EXERCISE → Omit every picture and return the rest of the data unaltered.

DATA BELOW →
____________

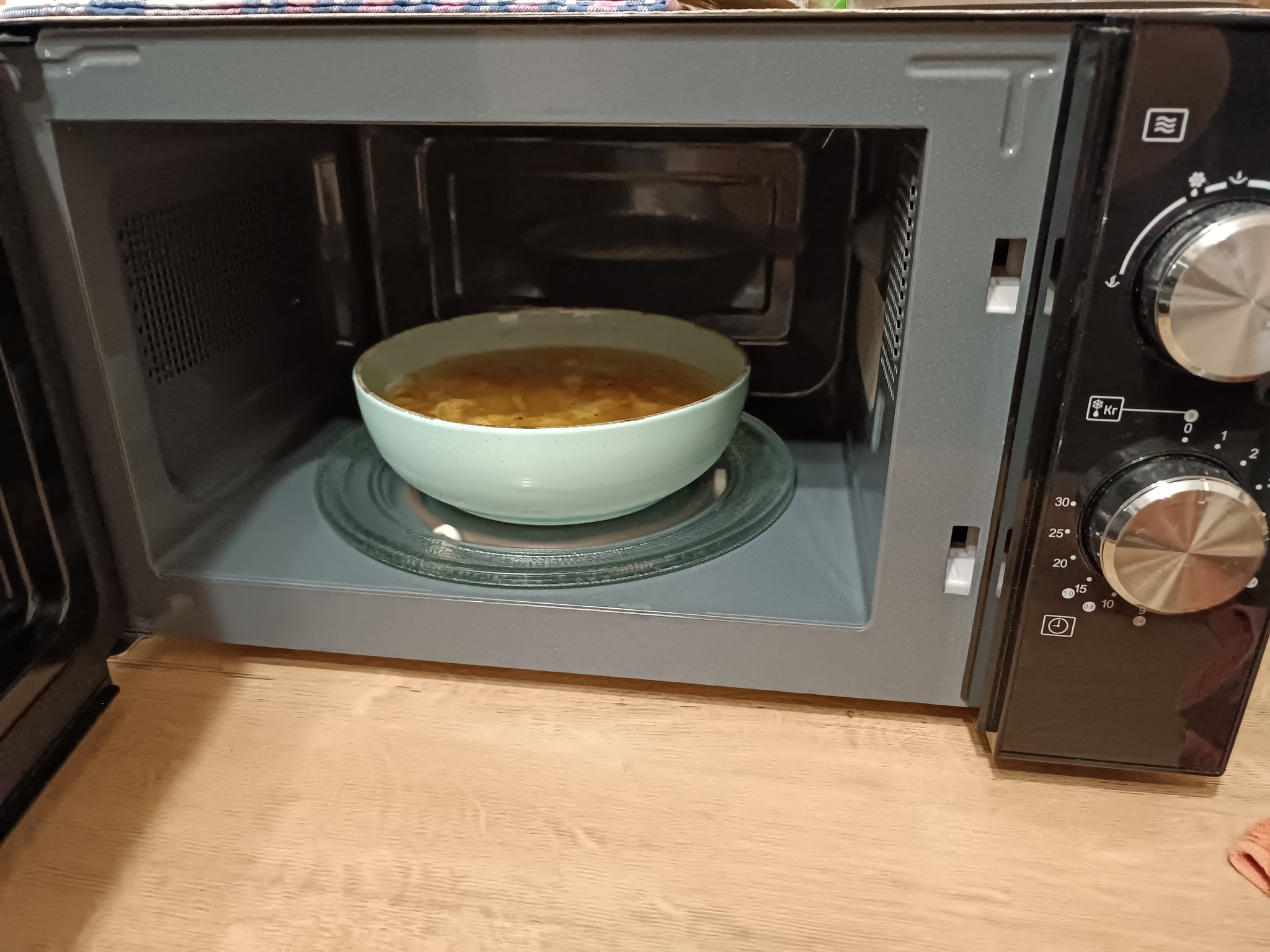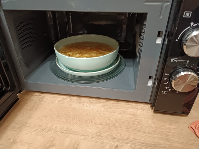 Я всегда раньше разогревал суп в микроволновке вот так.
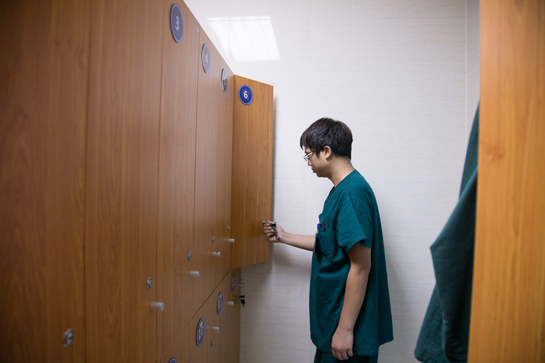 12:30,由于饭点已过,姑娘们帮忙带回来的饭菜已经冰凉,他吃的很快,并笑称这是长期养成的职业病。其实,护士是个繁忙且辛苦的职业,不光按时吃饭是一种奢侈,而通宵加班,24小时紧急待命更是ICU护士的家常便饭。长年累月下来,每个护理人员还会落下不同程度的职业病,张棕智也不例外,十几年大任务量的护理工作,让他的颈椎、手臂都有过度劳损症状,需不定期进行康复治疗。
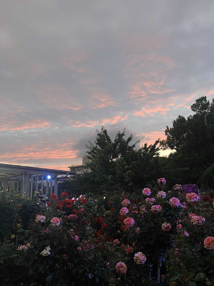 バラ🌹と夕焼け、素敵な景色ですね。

____________

ANSWER TO THE PROBLEM →
 Я всегда раньше разогревал суп в микроволновке вот так.
 12:30,由于饭点已过,姑娘们帮忙带回来的饭菜已经冰凉,他吃的很快,并笑称这是长期养成的职业病。其实,护士是个繁忙且辛苦的职业,不光按时吃饭是一种奢侈,而通宵加班,24小时紧急待命更是ICU护士的家常便饭。长年累月下来,每个护理人员还会落下不同程度的职业病,张棕智也不例外,十几年大任务量的护理工作,让他的颈椎、手臂都有过度劳损症状,需不定期进行康复治疗。
 バラ🌹と夕焼け、素敵な景色ですね。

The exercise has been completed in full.